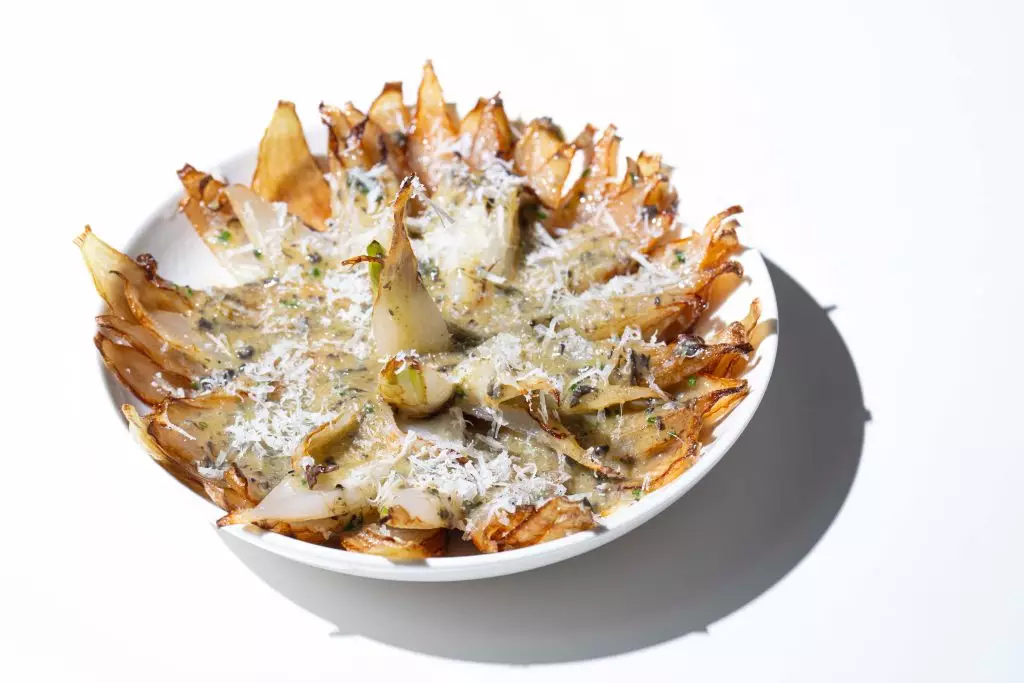 原個香炸洋蔥配曼切戈芝士、松露及蛋黃醬汁:外脆內嫩的洋蔥結合濃郁芝士與松露香氣,蛋黃醬汁更添滑順,帶來創意十足的味覺享受。
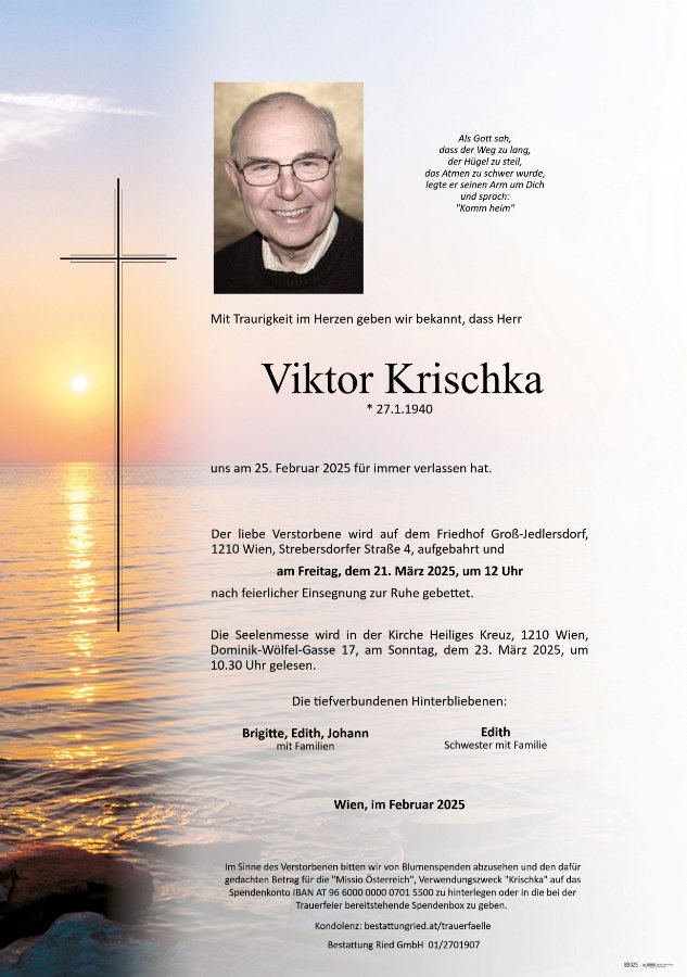 Du warst mein Volksschullehrer und wir hatten später auch noch immer wieder in Kontakt. Danke was du mir als einfühlsamer und guter Lehrer gelehrt und gelernt hast. Du hast mir damit auch eine gute Lebensbasis gegeben. Wir werden uns wiedersehen, in einem anderen ewigen Leben!
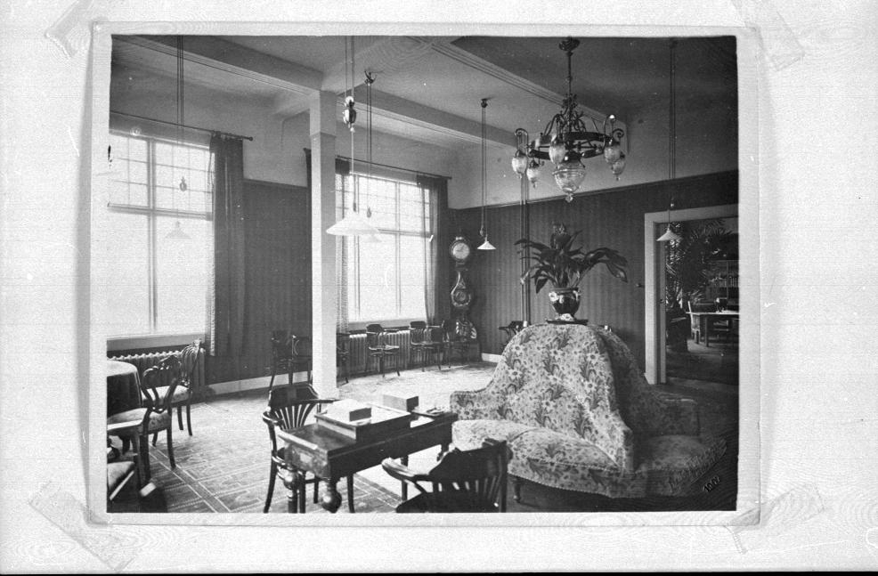 Rökrummet, där man bl.a. spelade schack. Tidningsrummet i bakgrunden.,
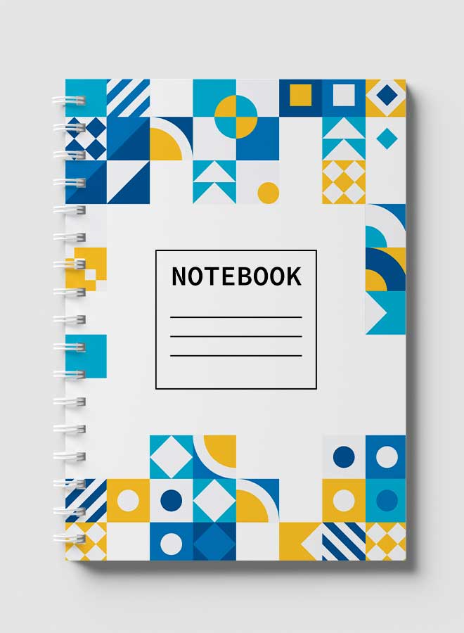 Lowha Spiral Notebook With 60 Sheets And Hard Paper Covers With Flat Mosiac Design, For Jotting Notes And Reminders, For Work, University, School
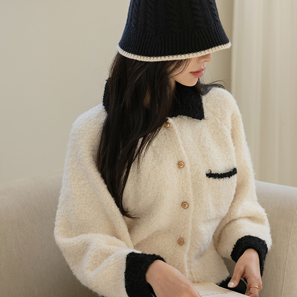 Lovely Polo Thick Bouclé Wool Knit Cardigan
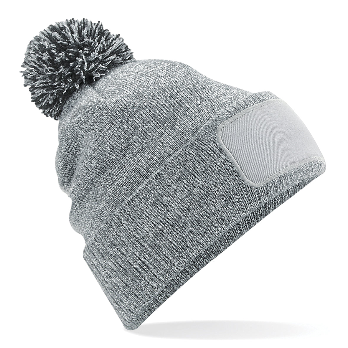 Tear-out label for ease of rebranding. Two-tone pom pom. Double-layer knit. Ribbed cuff. Cotton twill patch for printing. Reach certified.
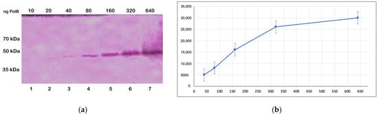 DNA polymerase gel activity assay followed by colorimetric detection. (a) Different amounts of recombinant TcPolβ (10–640 ng) were separated on a 10% PAGE-SDS, renatured, and incubated with a solution containing dNTPs, including dATP-16-Biotin labeled and detected using Streptavidin-Alkaline phosphatase as described in the Section 2. The assay’s detection limit is 40 ng, and a linear dose–response was obtained with this technique. (b) A plot was obtained from the quantification of Figure 2a.
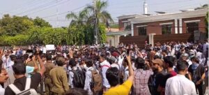 سٹوڈنٹس نے احتجاج کرتے ہوئے نہ صرف کلاسوں کا بائیکاٹ کیا بلکہ کالج کی املاک کو بھی شدید نقصان سے دوچار کر کیا ، مشتعل سٹوڈنٹس نے کالج میں گھس کر توڑ پھوڑ کی اور سامان باہر نکال کر اسے آگ لگا دی ،
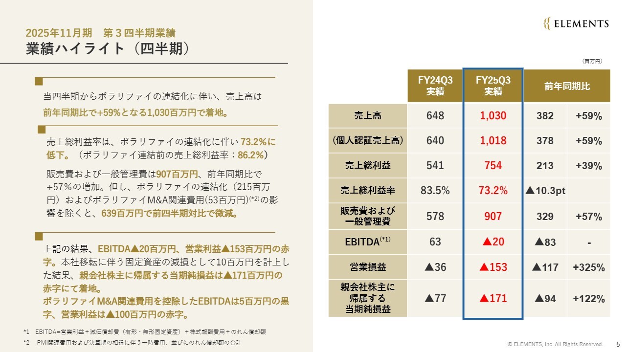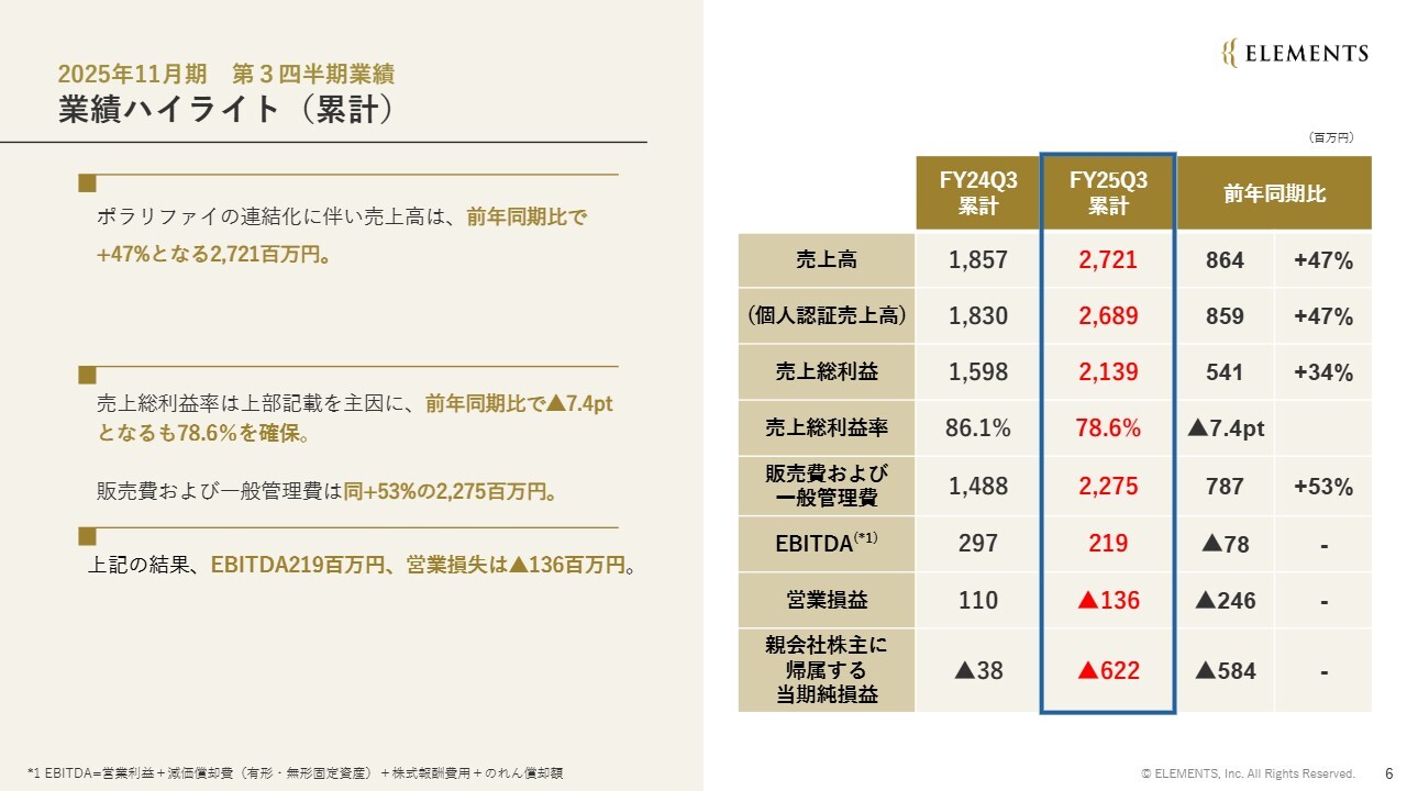 長谷川敬起氏:みなさま、こんばんは。株式会社ELEMENTS代表取締役社長の長谷川です。本日はお忙しい中、当社の決算発表にお越しいただき、誠にありがとうございます。これより、株式会社ELEMENTSの2025年度11月期第3四半期決算説明を開始します。
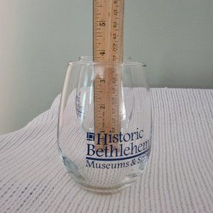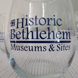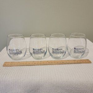 Set of 4 stemless wine glasses with "Historic Bethlehem Museums & Sites" logo. Diameter approx. 2". Height approx. 3 1/2". Total capacity approx. 8 fluid oz. Excellent pre-owned condition. Please see photos. The ohotos are part if the description. Dishwasher safe. Great for causal entertaining.

> **WHAT TO WORK ON**: Leaving out all pictures, retype exactly the lines that run from the one containing "Lovely Polo Thick Bouclé Wool Knit Cardigan" through the last line of the material.

> **RESPONSE AREA**:
 Lovely Polo Thick Bouclé Wool Knit Cardigan
 Tear-out label for ease of rebranding. Two-tone pom pom. Double-layer knit. Ribbed cuff. Cotton twill patch for printing. Reach certified.
 DNA polymerase gel activity assay followed by colorimetric detection. (a) Different amounts of recombinant TcPolβ (10–640 ng) were separated on a 10% PAGE-SDS, renatured, and incubated with a solution containing dNTPs, including dATP-16-Biotin labeled and detected using Streptavidin-Alkaline phosphatase as described in the Section 2. The assay’s detection limit is 40 ng, and a linear dose–response was obtained with this technique. (b) A plot was obtained from the quantification of Figure 2a.
 سٹوڈنٹس نے احتجاج کرتے ہوئے نہ صرف کلاسوں کا بائیکاٹ کیا بلکہ کالج کی املاک کو بھی شدید نقصان سے دوچار کر کیا ، مشتعل سٹوڈنٹس نے کالج میں گھس کر توڑ پھوڑ کی اور سامان باہر نکال کر اسے آگ لگا دی ،
 長谷川敬起氏:みなさま、こんばんは。株式会社ELEMENTS代表取締役社長の長谷川です。本日はお忙しい中、当社の決算発表にお越しいただき、誠にありがとうございます。これより、株式会社ELEMENTSの2025年度11月期第3四半期決算説明を開始します。
 Set of 4 stemless wine glasses with "Historic Bethlehem Museums & Sites" logo. Diameter approx. 2". Height approx. 3 1/2". Total capacity approx. 8 fluid oz. Excellent pre-owned condition. Please see photos. The ohotos are part if the description. Dishwasher safe. Great for causal entertaining.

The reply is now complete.